Claude Code with MongoDB: Schema, Aggregation, Performance
Using Claude Code on MongoDB projects
MongoDB is the database where Claude Code most needs help. With a relational database, the schema is enforced by the engine. If Claude generates a bad query, Postgres will tell you. With MongoDB, the database accepts almost any document shape you throw at it, indexes are advisory, and a query that looks fine in development can become a collection scan in production once the data grows.
Claude Code understands MongoDB. It knows BSON, the aggregation framework, Mongoose, the native Node.js driver, Atlas, and change streams. What it does not know is your specific data model: which fields you embed and which you reference, how your aggregation pipelines are structured, which compound indexes exist, and what the read patterns of your application actually are.
Without a project-specific CLAUDE.md, Claude generates MongoDB code that mixes embedded and referenced patterns inconsistently, writes aggregations without considering index usage, creates queries that perform N+1 lookups in application code instead of using $lookup, and adds new collections without the indexes those collections need to scale. This guide covers the CLAUDE.md configuration that prevents those failures. If you are new to Claude Code itself, the Claude Code setup guide covers installation and authentication before any of this applies.
The MongoDB CLAUDE.md template
The CLAUDE.md at your project root is read at the start of every Claude Code session. For a MongoDB project, it needs to declare which driver you use, which Node version is in play, what your schema conventions are, where your aggregation pipelines live, and which indexes exist on each collection.
# MongoDB project rules
## Stack
- Node.js: 20.x LTS, TypeScript 5.x strict
- MongoDB: 7.0 (Atlas M30 production, M10 staging)
- Driver: mongoose 8.x (preferred), native mongodb 6.x for aggregation-heavy paths
- Connection pool: 20 production, 5 local dev
- Read concern: majority (writes), local (reads); write concern: { w: "majority", j: true }
## Project structure
- src/models/: Mongoose schemas, one file per collection
- src/repositories/: Typed wrappers around each model
- src/aggregations/: Reusable pipelines, one file each
- src/indexes/: Index definitions registered at boot
- src/migrations/: Numbered, idempotent schema migrations
## Schema rules
- Default to embedded for one-to-few, reference for one-to-many or many-to-many
- Decision matrix in src/models/SCHEMA_RULES.md (read before any new model)

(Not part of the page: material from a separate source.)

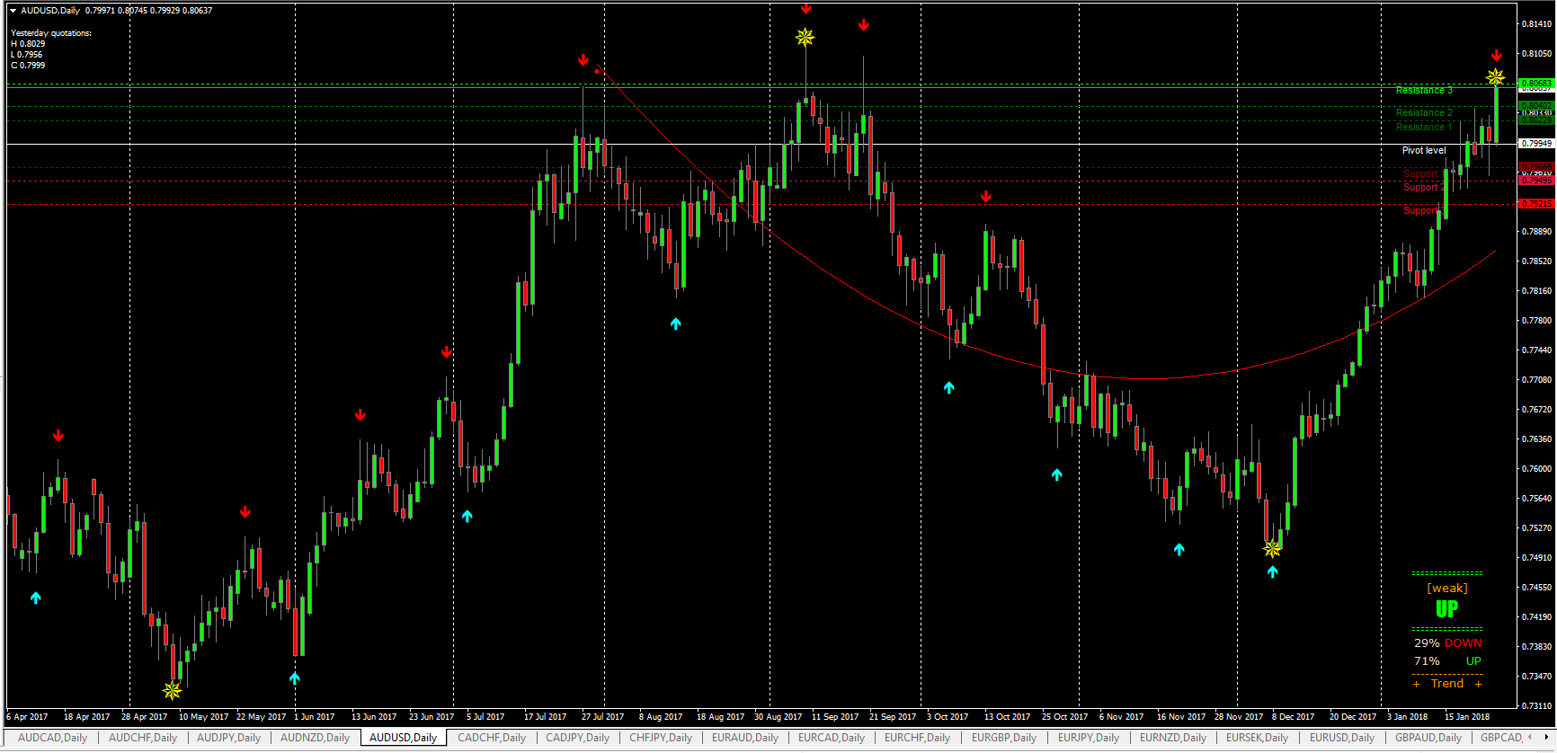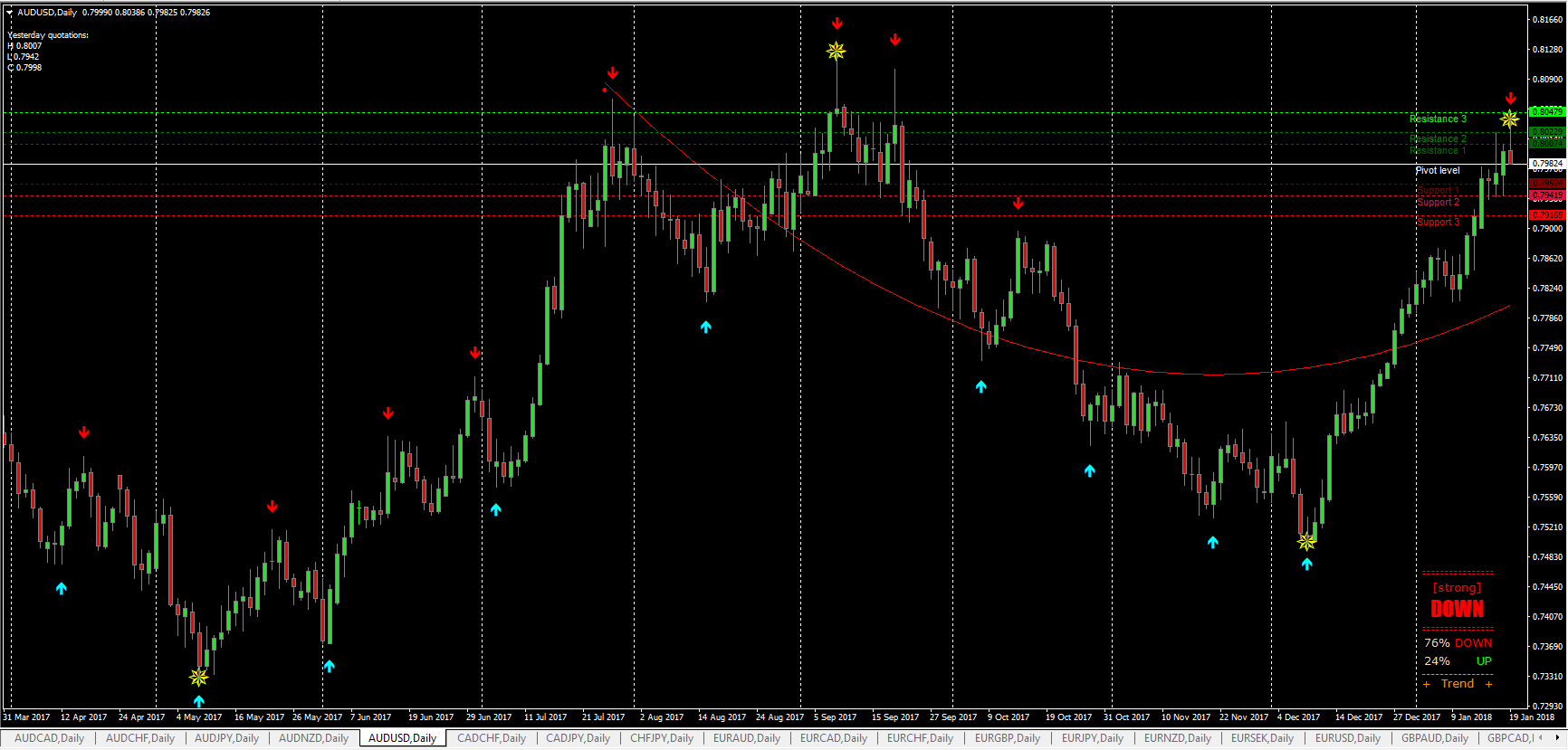 52Sometimes the arrows do move to the next day's candles but I have not seen the signal change from buy to sell or sell to buy. See the charts of the AUDUSD, The first one was taken on 19 January and the second one was taken today, 24 January. I do not know which indicator generates the arrows.

- Documents target under 256KB, hard limit 4MB
- created_at and updated_at on every collection, both indexed
- Soft delete via deleted_at, never hard delete in application code
- ObjectId for all _id fields, never strings
## Driver rules
- Mongoose for CRUD on a single collection
- Native driver for any pipeline with $lookup or $facet
- Always pass projection to limit returned fields
- All queries pass through a repository function
## Hard rules
- Every new collection requires an index file in src/indexes/ before merge
- Every aggregation longer than 3 stages lives in src/aggregations/
- NEVER iterate query results to do per-document lookups (use $lookup)
- NEVER use $where with JavaScript (disables index use)
- Connection string from MONGODB_URI only, never hardcoded
Three rules in this CLAUDE.md prevent the most common Claude Code failures.
The driver split rule matters because Mongoose and the native driver have different mental models. Mongoose is excellent for typed CRUD but its aggregation API forces you to drop down to plain objects anyway. The native driver is cleaner for aggregations but lacks the schema validation that makes Mongoose useful for writes. Without the rule, Claude picks whichever it generated last in the file, producing a codebase where routes use either tool for no clear reason. The split gives Claude a deterministic choice: writes through Mongoose, complex reads through the native driver.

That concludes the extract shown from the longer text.